On May 20 — Cuban Independence Day, chosen deliberately — the United States Department of Justice unsealed an indictment charging former Cuban President Raúl Castro with four counts of murder, conspiracy to kill American nationals and destruction of aircraft. The charges relate to the 1996 shootdown of two civilian planes flown by Cuban-American exiles. Castro is 94 years old. He has not left Cuba in years. He will never appear in a Miami courtroom. The indictment was not designed to produce a trial. It was designed to produce a justification.
The USS Nimitz arrived in the Caribbean the same day.
Washington has run this sequence before and recently. Fuel blockade. Economic collapse. CIA deadline. Criminal indictment of the head of state. Carrier group. Each step is individually explicable — the blockade targets Venezuelan oil, the indictment addresses a genuine 30-year-old crime, the carrier group is described as maritime exercises. Together they form a pre-conflict playbook that CNBC, not known for alarmism, described in those precise words on Friday. The Trump administration has been running it since January, when US forces captured Venezuelan President Nicolás Maduro — Cuba's primary economic lifeline — and the oil stopped flowing.

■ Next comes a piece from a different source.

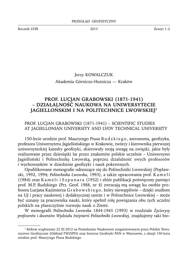 PRZEGLĄD GEOFIZYCZNY Rocznik LVIII 2013 Zeszyt 1–2 Jerzy KOWALCZUK Akademia Górniczo-Hutnicza — Kraków PROF. LUCJAN GRABOWSKI (1871-1941) – DZIAŁALNOŚĆ NAUKOWA NA UNIWERSYTECIE JAGIELLOŃSKIM I NA POLITECHNICE LWOWSKIEJ1 PROF. LUCJAN GRABOWSKI (1871-1941) – SCIENTIFIC STUDIES AT JAGIELLONIAN UNIVERSITY AND LVOV TECHNICAL UNIVERSITY 150-lecie urodzin prof. Maurycego Piusa R u d z k i e g o , astronoma, geofizyka, profesora Uniwersytetu Jagiellońskiego w Krakowie, twórcy i kierownika pierwszej uniwersyteckiej katedry geofizyki, skierowały moją uwagę na związki, jakie były realizowane przez dziesiątki lat przez znakomite polskie uczelnie – Uniwersytet Jagielloński i Politechnikę Lwowską, poprzez działalność swych profesorów i wychowanków w dziedzinie geofizyki i nauk pokrewnych. Opublikowane monografie odnoszące się do Politechniki Lwowskiej (Popławski, 1992, 1994; Politechnika Lwowska, 1993), a także opracowania prof. K a m e l i (1984) oraz K a m e l i i S z p u n a r a (1952) i zbiór publikacji poświęcony pamięci prof. M.P. Rudzkiego (Prz. Geof. 1988, nr 4) zwracają mą uwagę ku osobie profesora Lucjana Kazimierza G r a b o w s k i e g o , który niewątpliwie – dzięki studiom na UJ i pracy naukowej i dydaktycznej tamże i w Politechnice Lwowskiej – może być uznany za pracownika nauki, który spełnił rolę powiązania obu tych uczelni polskich na płaszczyźnie rozwoju nauk o Ziemi. W monografii Politechnika Lwowska 1844-1945 (1993) w rozdziale Życiorysy profesorów i docentów Wydziału Inżynierii Politechniki Lwowskiej, znajdujemy taki bioReferat wygłoszony 22 XI 2012 na Posiedzeniu Naukowym zorganizowanym przez Polskie Towarzystwo Geofizyczne (Oddział FWZiPO) oraz Instytut Geofizyki PAN w Warszawie, z okazji 150-lecia urodzin prof. Maurycego Piusa Rudzkiego. 1 82 J. Kowalczuk gram prof. Lucjana K. Grabowskiego: „GRABOWSKI Lucjan Kazimierz (18711941) astronom. Urodził się 19.V.1871 w Tarnowie, gdzie 1889 ukończył gimnazjum, po czym studiował astronomię, matematykę i fizykę na UJ. 1892-I895 asystent Obserwatorium Astronomicznego UJ. (...) 1902-1907 adiunkt Obserwatorium Astronomicznego UJ. (...) Od 1909 prof. nadzwyczajny II Katedry Miernictwa i kierownik Obserwatorium Astronomiczno-Meteorologicznego ze stacją sejsmograficzną c.k. Szkoły Politechnicznej we Lwowie. Od 1912 profesor zwyczajny astronomii sferycznej i geodezji wyższej tamże. 1914/15, 1916/17 dziekan Wydziału Inżynierii Wodnej (...). Ogłosił 55 prac z dziedziny astronomii, geodezji i grawimetrii (...). Zmarł 24.X.I941 we Lwowie.” Z. P o p ł a w s k i (1992, 1994) w swych monografiach przybliża nam również postać profesora L.K. Grabowskiego, cytując kilkanaście razy osobę profesora, przedstawia jego osiągnięcia w zakresie nauki, działalności dydaktycznej i organizacyjnej. C. Kamela (1981) omawiając lwowską szkołę geodezyjną, tak pisze o dr. L. K. Grabowskim: „Po śmierci prof. S. Widta w 1909 roku, Katedrę Miernictwa (na Politechnice Lwowskiej – zwanej w czasie zaboru austriackiego c.k. Szkołą Politechniczną) objął, jako profesor nadzwyczajny, dr Lucjan K. Grabowski. Po wyjeździe w następnym roku prof. dra Wacława Laški do Pragi, Katedrę Astronomii i Geodezji Wyższej wraz z Obserwatorium Astronomicznym, Stacją Sejsmiczną i Stacją Meteorologiczną objął prof. dr Lucjan Grabowski, mianowany w 1912 roku profesorem zwyczajnym.” Z chwilą odzyskania niepodległości w 1918 r. Szkoła Politechniczna zmieniła nazwę na Politechnika Lwowska, a wybitną rolę w kształceniu inżynierów miernictwa na tej uczelni miał prof. dr L. K. Grabowski, astronom, geodeta, geofizyk w jednej osobie, który wykładał astronomię i geodezję wyższą. A oto jak C. Kamela charakteryzuje osobę L.K. Grabowskiego: „Lucjan K. Grabowski urodził się 19 maja 1871 roku w Tarnowie. Tam uczęszczał do gimnazjum, które ukończył w 1889 roku. Następnie wstąpił na Wydział Filozoficzny UJ w Krakowie, studiując matematykę, fizykę, geofizykę i astronomię. W okresie od 1 X 1892 do 30 IX 1895 roku pełnił funkcję asystenta w Obserwatorium Astronomicznym UJ. Po ukończeniu studiów w Krakowie wyjechał dla pogłębienia wiedzy za granicę. Najpierw przebywał w Bonn, a następnie w Monachium, gdzie w 1899 roku uzyskał stopień doktora za pracę w dziedzinie astronomii. W tym samym roku powrócił da Krakowa i podjął poprzednie obowiązki w Obserwatorium Astronomicznym. W 1900 roku uzyskał stypendium Akademii Umiejętności w Krakowie i udał się do Obserwatorium Astronomicznego w Pułkowie koło ówczesnego Petersburga, w celu dalszego pogłębiania wiedzy, zwłaszcza w zakresie astronomii praktycznej. W 1902 roku powrócił do Krakowskiego Obserwatorium i objął stanowisko adiunkta. Obserwatorium to znajdowało się wówczas pod kierownictwem wybit- Prof. Lucjan Grabowski (1871-1941)... nego i zasłużonego dla nauki badacza, prof. M.P. Rudzkiego. L Grabowski był człowiekiem głębokiej kultury, znał kilka języków na równi z językiem ojczystym (...). Był miłośnikiem muzyki. Sam grywał na fortepianie, odtwarzając szczególnie chętnie utwory Chopina. Posiadał głęboką znajomość języka polskiego. Znał łacinę, grekę oraz język francuski, rosyjski, niemiecki i angielski. Posługiwał się językiem włoskim, hiszpańskim i językami skandynawskimi. Rozprawy naukowe studiował w języku oryginału. Jak widać, Lucjan Grabowski uzyskał bardzo głębokie i wielostronne przygotowanie badawcze, nic więc dziwnego, że został zaproszony do objęcia stanowiska profesora Politechniki Lwowskiej (...). Prof. L. Grabowski prowadził nie tylko działalność naukową i pedagogiczną, miał 83 Rys. 1. Lucjan Kazimierz Grabowski (1871-1941) Fig. 1. Lucjan Kazimierz Grabowski (18711941) Rys. 2. Gmach główny Politechniki Lwowskiej, ul. L. Sapiehy nr 12, Lwów Fig. 2. The main building of the Polytechnic Lvov (Lvov Tech

Washington has imposed over 240 sanctions measures on Cuba since January, including an effective oil embargo that has slashed Cuban fuel imports by 80 to 90 per cent. Seven oil tankers heading to the island have been intercepted. Cuba says it is out of oil and diesel. The dollar has hit a record on the informal black market. Blackouts are nationwide and ongoing. CIA Director John Ratcliffe flew to Havana in person and told Cuban officials the window for talks would not stay open indefinitely. Trump said on camera: 'It looks like I'll be the one that does it.' Rubio said force remained an option. The acting Attorney General held a press conference in Miami. The Nimitz is in the Caribbean.
The indictment is 30 years late and will never be enforced. Its purpose is not legal. It is sequential. In the logic Washington is building, Cuba's government is not merely authoritarian — it is criminal, its former head of state a named murderer, its continued existence therefore not a political question but a law enforcement one. This is how interventions are prepared in the modern American playbook. Not with a declaration of war. With a criminal filing.
Cuba has promised fierce resistance. It has also pardoned 2,010 prisoners in the past week — the largest such release in years — a signal that Havana is calculating rather than simply defying. The Cuban government knows the difference between a bluff and a sequence. It is watching the sequence complete itself step by step and responding with the only leverage it has: the cost of occupation. Cuba is not Iran. It does not have a strait to toll or a nuclear programme to negotiate. It has 11 million people, a history of surviving American pressure and a government that has outlasted ten US presidents. The eleventh is threatening to be the one that finally acts.
He may be right. Or the sequence may stall, as it has stalled before. But the playbook is open. Every page is visible. And nobody who has watched Washington run it before should be surprised by what comes next.